* [Work order]: For the records below, output word for word the lines from the one with "Strip of 0.12" up to and including the one with "寺垣 宏充さんを姓名の画数から五運を鑑定". No pictures.

● ● ● ● ● ● ●

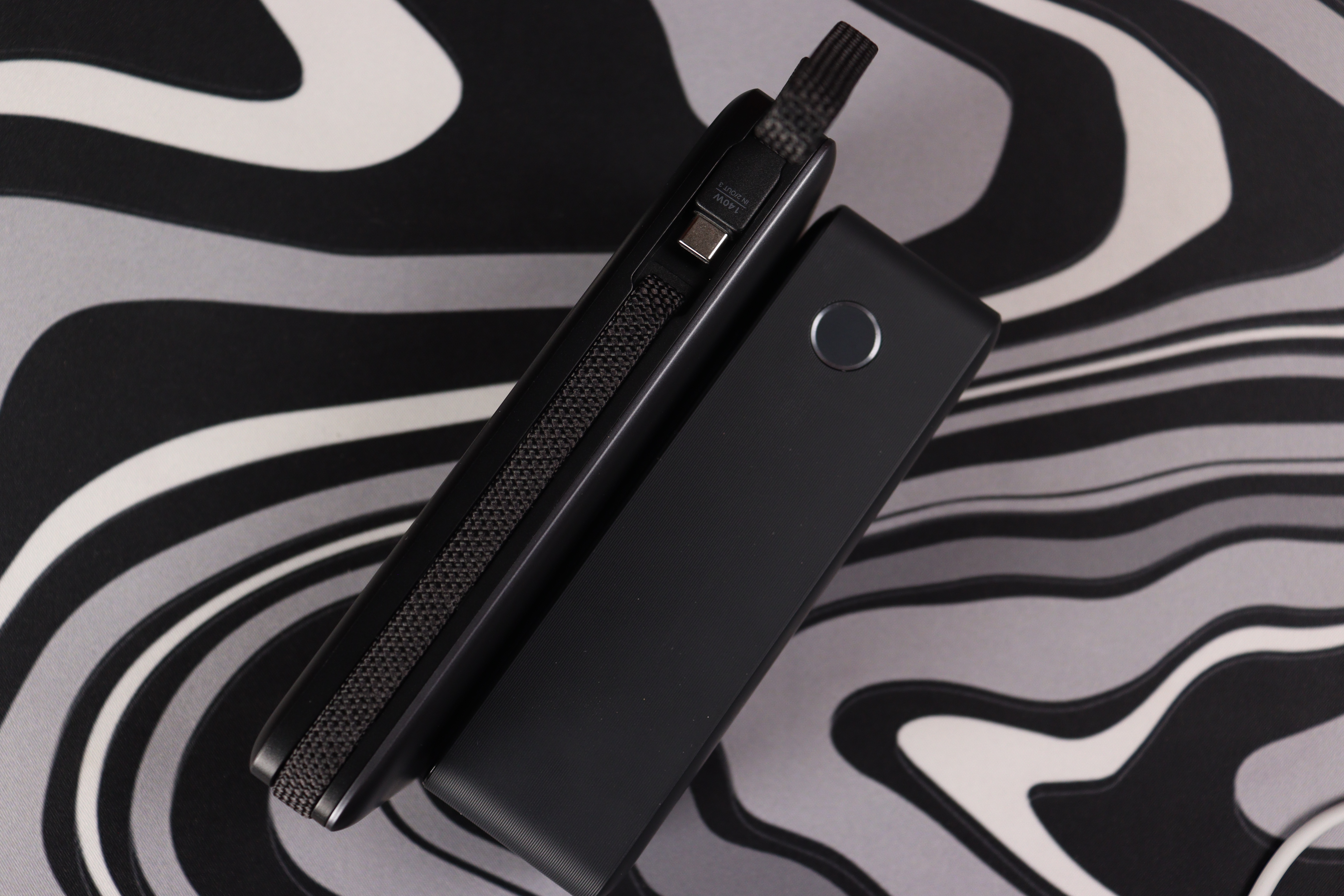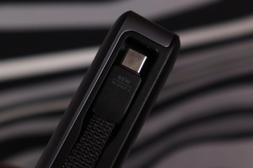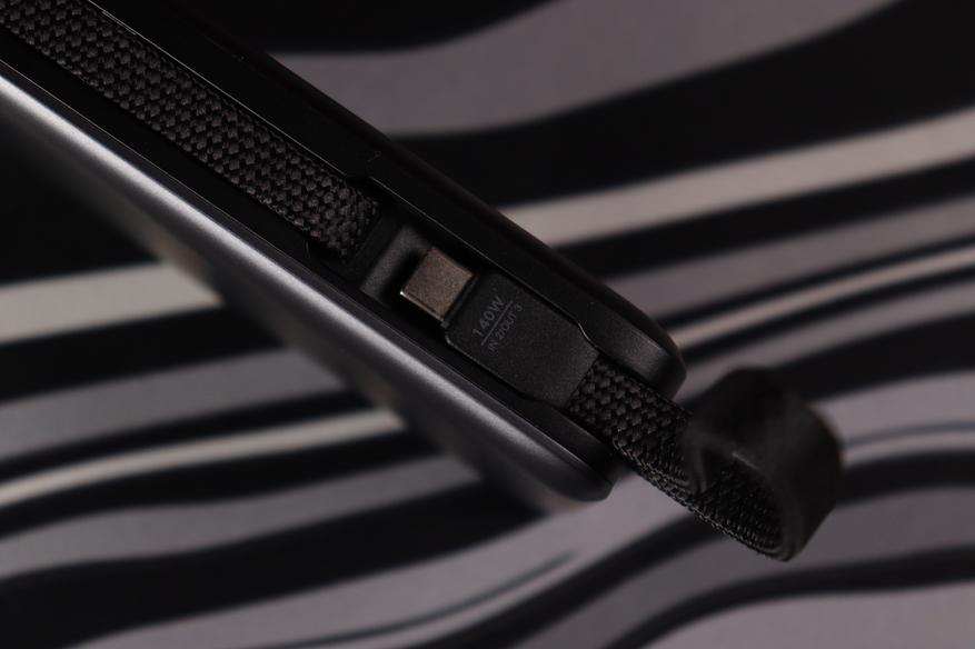 Отдельная особенность — встроенные выдвижные кабели. В корпус встроены USB-С длиной 17.5 см до 140Вт и второй USB-С на 17 сантиметров, способный передавать до 65Вт. Они выдвигаются плавно и убираются обратно в своё ложе, дополнительно подмагничиваясь в местах посадки.
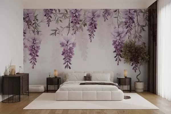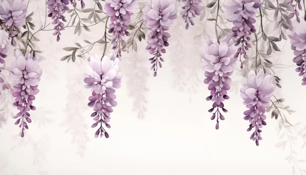 Fototapeten Zarte, große Lavendelzweige, die an der Wand hängen, imitierte Aquarellmalerei N° w09690
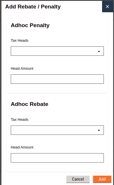 It also provides the counter employee with a chance to add penalty or rebate in the current bill and accordingly the total value is calculated. The counter employee needs to click on the Add Rebate/Penalty button that opens a popup containing the penalty and rebate details.
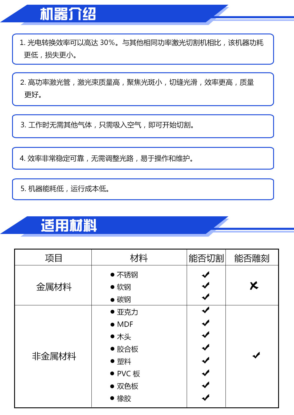 1.適合材料:亞克力、塑料板、木板、不銹鋼、碳鋼、鋼板、鐵板、等多種金屬和非金屬材料;
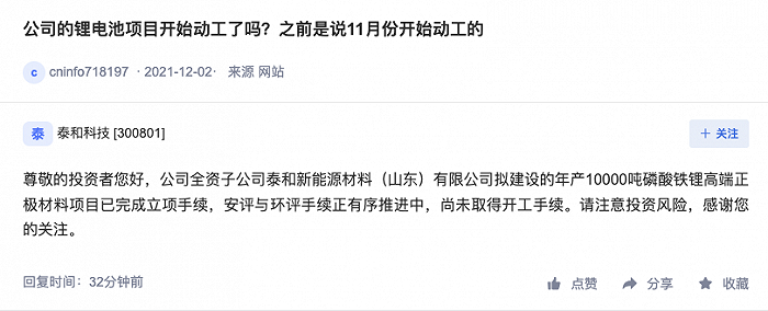 12月8日,泰和科技在深交所“互动易”平台回答投资者提问时称:公司全资子公司泰和新能源材料(山东)有限公司拟建设的年产10000吨磷酸铁锂高端正极材料项目已完成立项手续,安评与环评手续正有序推进中,尚未取得开工手续。
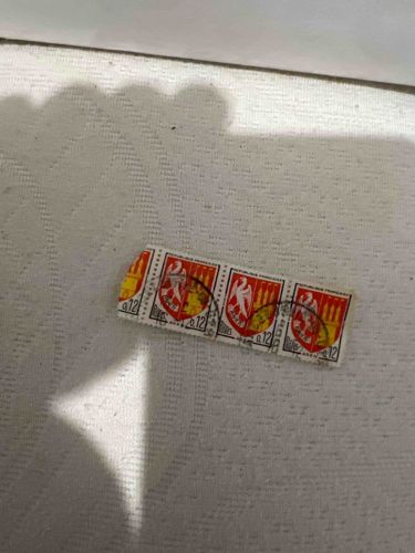 Strip of 0.12 Franc French Heraldry Postage Stamps (Blason d'Agen)
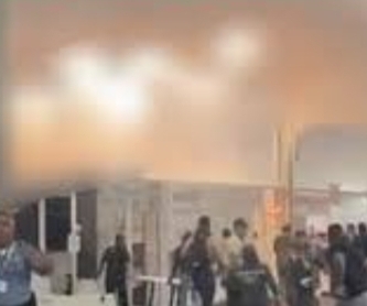 واندلعت النار داخل جناح أحد البلدان المشاركة عند المدخل، وتسببت بانتشار دخان كثيف في الداخل، فيما كان الأمنيون يحاولون إخماد النيران مع وصول عناصر إطفاء الى المكان.
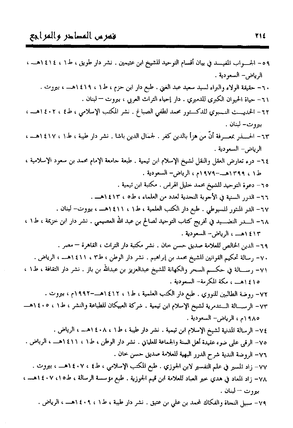73- الرسالة التدمرية لشيخ الإسلام ابن تيمية. شركة العبيكان للطباعة والنشر، ط1، 1405هـ - 1985، الرياض - السعودية.
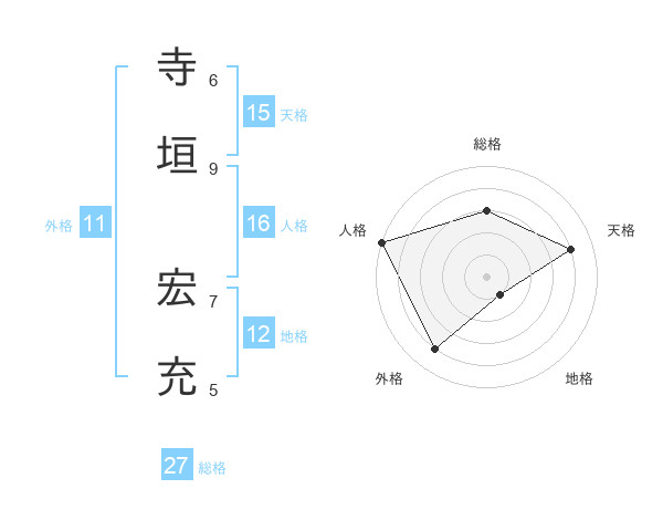 寺垣 宏充さんを姓名の画数から五運を鑑定
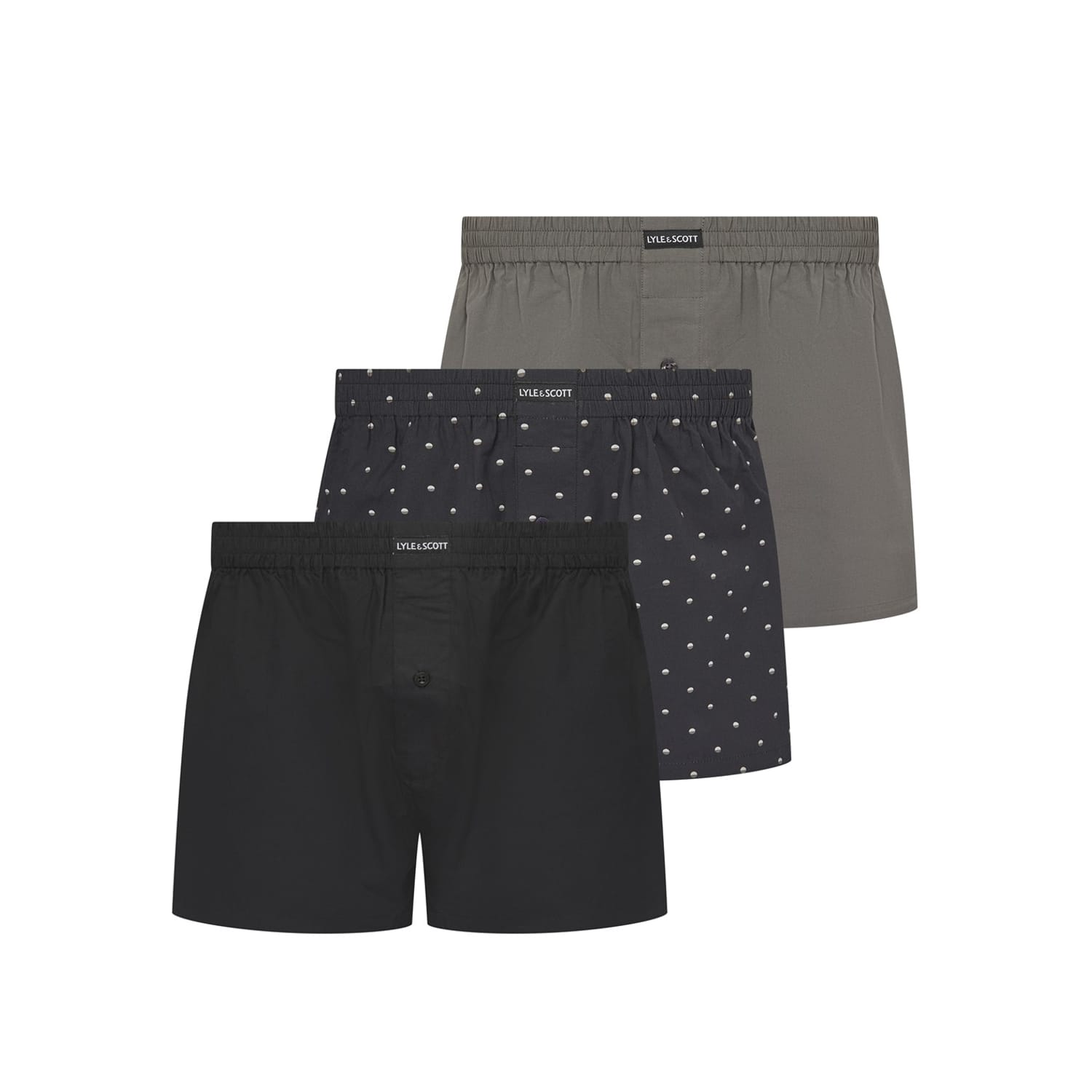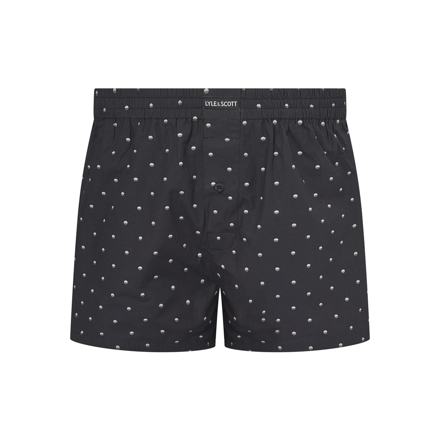 Discover the Lyle & Scott boxer shorts, a perfect blend of style and comfort. These underwear feature a classic polka dot pattern and a plain design, complemented by a button closure for a secure fit. The iconic logo embellishment adds a touch of brand identity, making these boxers a stylish choice for your wardrobe. -
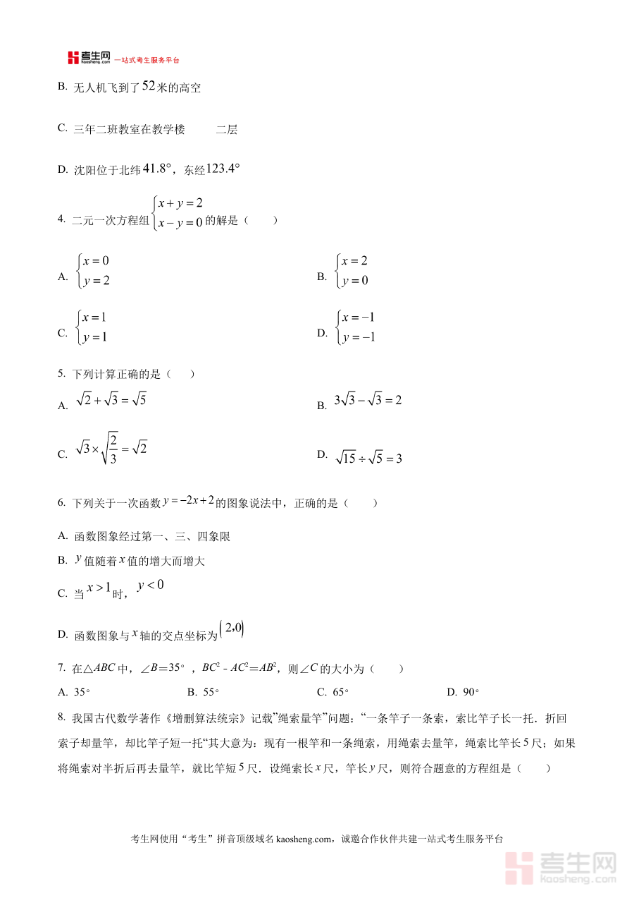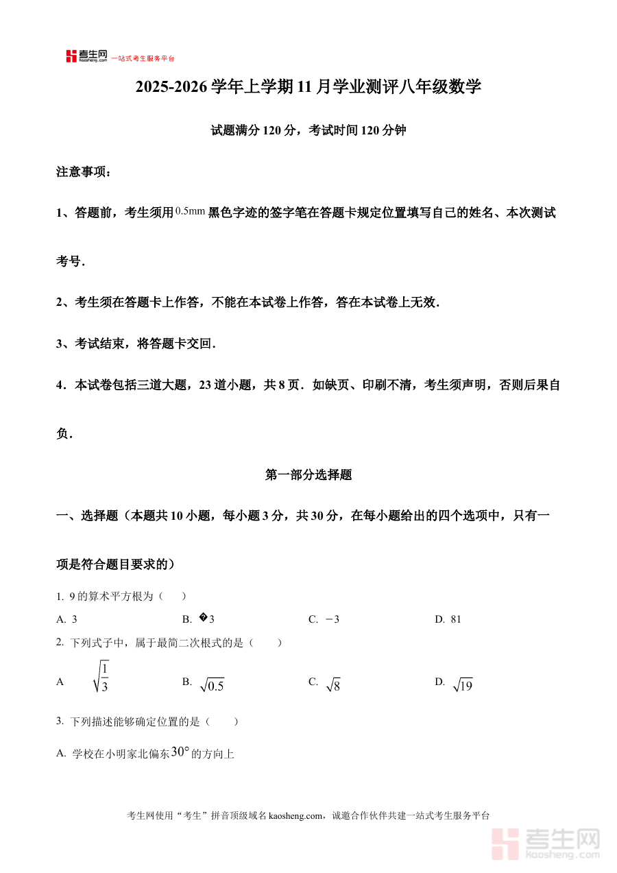 本资料适用于辽宁省沈阳市浑南区2025-2026学年八年级的学生及数学教师,对于学生而言,通过原卷练习可提前熟悉期中考试的形式与节奏;对于教师而言,可借助该资料进行教学效果评估与备考指导,助力提升阶段学习与教学的针对性和有效性。
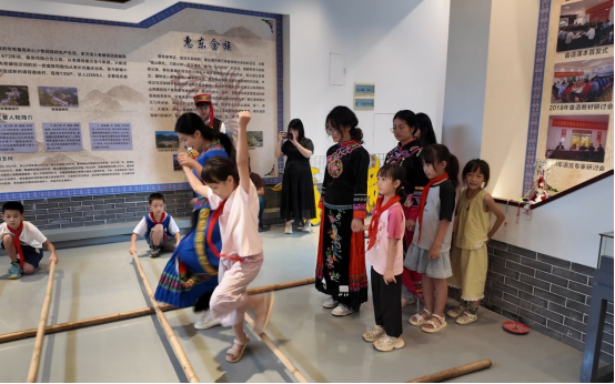 “咚——哒——咚咚——哒”随着竹竿有节奏的开合敲击,大家身穿着双色相间的传统服饰在竹竿间跃动着,灵巧地穿梭于竹竿阵中。竹竿的“咚哒”开合声也吸引来了众多畲族小学中的孩子们。当询问谁会敲竹竿谁会跳竹竿舞时,小学生们都应声道:“我会!我会!让我来!”

● ● ● ● ● ● ●

* [Written reply]:
 Strip of 0.12 Franc French Heraldry Postage Stamps (Blason d'Agen)
 واندلعت النار داخل جناح أحد البلدان المشاركة عند المدخل، وتسببت بانتشار دخان كثيف في الداخل، فيما كان الأمنيون يحاولون إخماد النيران مع وصول عناصر إطفاء الى المكان.
73- الرسالة التدمرية لشيخ الإسلام ابن تيمية. شركة العبيكان للطباعة والنشر، ط1، 1405هـ - 1985، الرياض - السعودية.
 寺垣 宏充さんを姓名の画数から五運を鑑定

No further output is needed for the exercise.